Name Parsing Ambiguity

An_Old_Dog

Upon seeing the title of this article, in my mind I heard,

"How does it feeeeeel, to be on your own? Like a rolling stone ..."

They should have named it, "DyLan".

Re: Name Parsing Ambiguity

evadnos nibor

((dy)(lan)) shirley?

Re: Name Parsing Ambiguity

Liam Proven

> ((dy)(lan)) shirley?

Oh come on. The _whole point_ was that it gets rid of all the brackets.

*sigh*

Re: Name Parsing Ambiguity

Liam Proven

> "How does it feeeeeel, to be on your own? Like a rolling stone ..."

> They should have named it, "DyLan".

Bob of that ilk sued over the name. Apple settled out of court.

You're 33 years late to the gag I'm afraid.

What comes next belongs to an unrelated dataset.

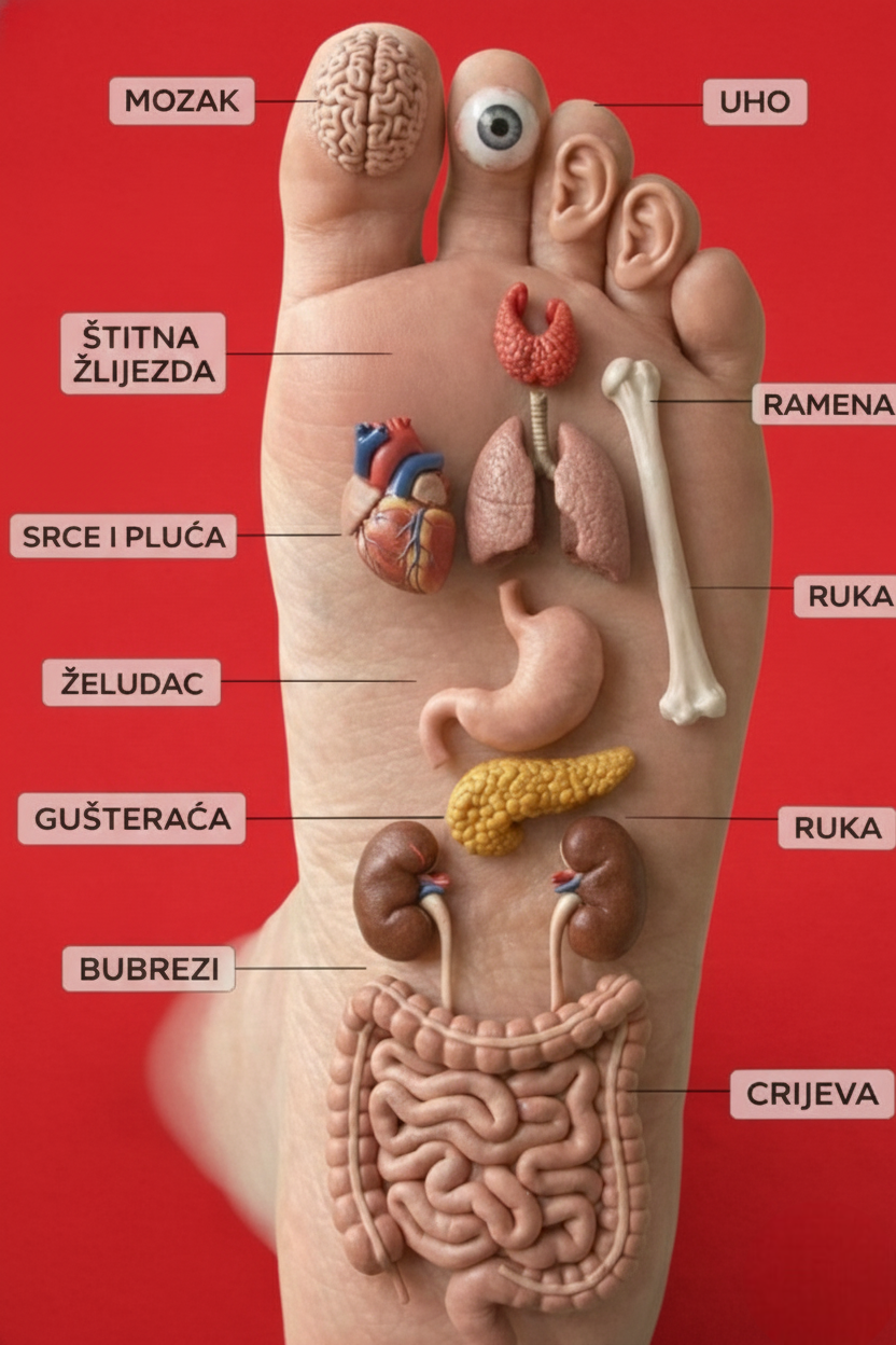 Refleksologija stopala je prirodna metoda koja se koristi već hiljadama godina. Prema ovoj metodi, svaki dio stopala povezan je s određenim organom u tijelu. Pritiskom ili masažom tih tačaka moguće je stimulisati organe, poboljšati cirkulaciju i podržati prirodne procese samoozdravljenja. Na slici je prikazana detaljna mapa organa na stopalu, gdje se jasno vidi povezanost između … Read more

Re: Name Parsing Ambiguity

Antony Shepherd

You mean it wasn't named after the hippy rabbit in The Magic Roundabout?

Swiz!

Re: Name Parsing Ambiguity

Philo T Farnsworth

They should've changed the name to Zimmerman . 1

Amusing that a guy who borrowed his stage name from an actual poet, one Dylan Thomas, would have the bloated ego temerity to object.

Figures.

_______________

1 [1]Wikipedia: Bob Dylan

[1] https://en.wikipedia.org/wiki/Bob_Dylan

Ran out of memory

Gene Cash

So am I reading the PDF right, that LISP-2 stalled when they ran out of memory on their development machine?

Shame, that.

Re: Ran out of memory

FlaSheridn

Running out of memory was also a problem even on the C++-based NewtonScript Newton; a Dylan-based one would presumably have had it even worse. (OTOH, Apple could have shipped more RAM at the same price if it had merely stopped including floppies as well as a CD in the Newton box…)

"`What's been happening here?' he demanded.
`Oh just the nicest things, sir, just the nicest things.
can I sit on your lap please?'"
"`Colin, I am going to abandon you to your fate.'
`I'm so happy.'"
"`It will be very, very nasty for you, and that's just too
bad. Got it?'
`I gurgle with pleasure.'"

- Ford and Colin the robot.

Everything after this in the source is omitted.